What if my cycle isn't 28 days?▾
Adjust the cycle length input — each day longer than 28 shifts the estimated due date one day later, since ovulation (and conception) happens proportionally later. The calculator uses (cycle length − 28) as the adjustment. For very irregular cycles a first-trimester dating ultrasound is more reliable; that's the standard your OB-GYN will use to set the official due date if it's available.
Will my baby actually arrive on the due date?▾
Only about 4% of US babies are born on their exact estimated due date. Most arrive within roughly 37–42 weeks of LMP — what ACOG and the NIH define as 'term'. Specifically: early term (37 0/7 to 38 6/7), full term (39 0/7 to 40 6/7), late term (41 0/7 to 41 6/7), and post-term (42 0/7 and beyond). Induction is commonly discussed at 41 weeks and recommended by 42.
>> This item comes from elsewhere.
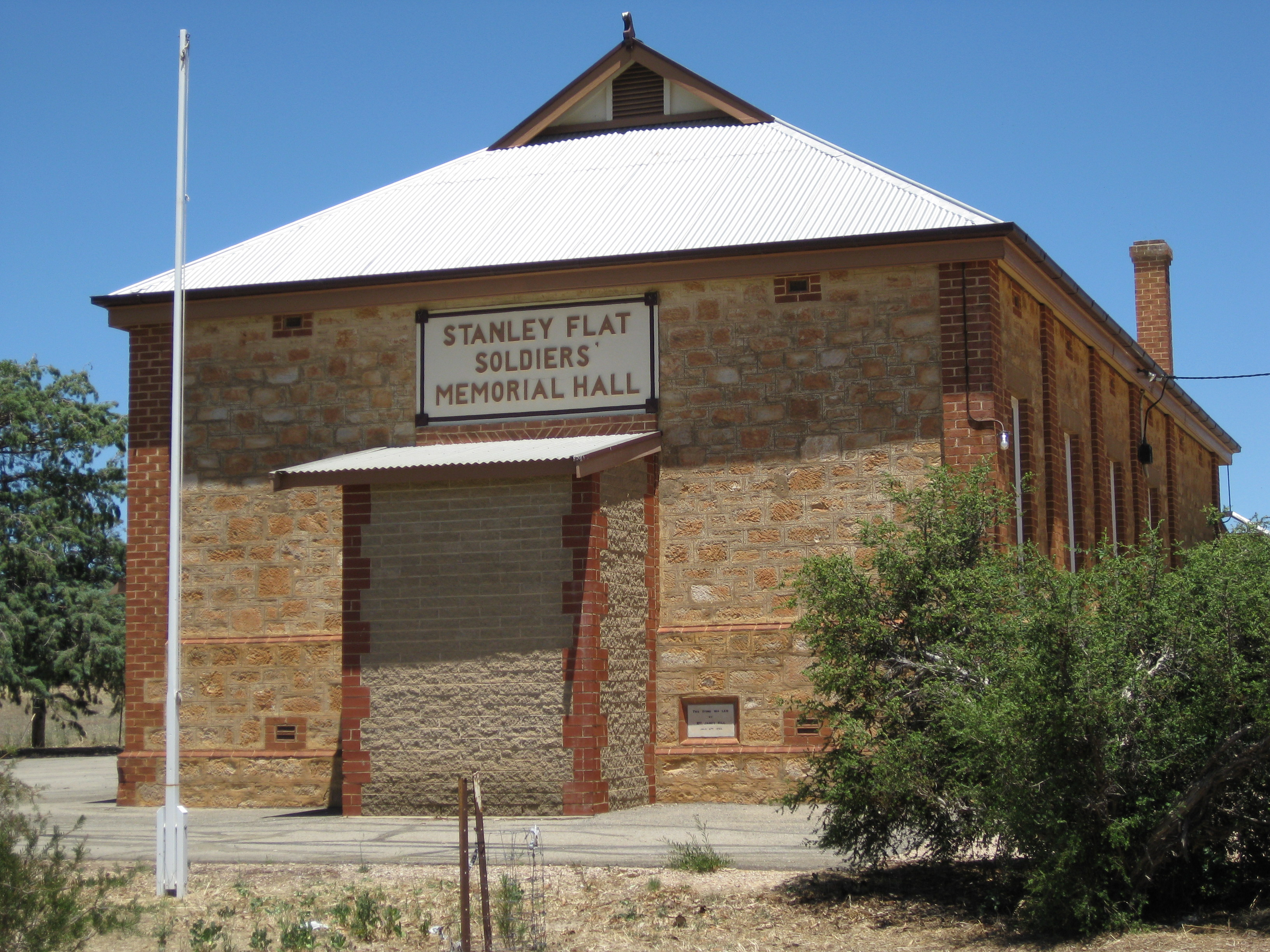 Soldiers memorial hall, located at Stanley Flat in the Clare Valley, South Australia.

When does each trimester start?▾
Trimester 1 runs from LMP through week 13, trimester 2 from week 14 through week 27, and trimester 3 from week 28 to delivery. The boundaries are clinical conventions, not biological events — they roughly mark the end of organogenesis (T1), the more comfortable middle phase (T2), and the third-trimester growth phase (T3). Major prenatal milestones include the first prenatal visit at 8–10 weeks, the anatomy scan at 18–22 weeks, glucose screening at 24–28 weeks, and Group B Strep at 35–37 weeks.
When should I see my OB-GYN about a pregnancy?▾
ACOG recommends scheduling the first prenatal visit between 8 and 10 weeks. At that visit you'll typically have an exam, lab work (blood type, Rh status, infectious-disease screening), and often a dating ultrasound. Earlier contact is fine — and important if you have specific risk factors or pre-existing conditions — but the formal prenatal care schedule kicks off around weeks 8–10 with monthly visits through week 28, then more frequent visits later.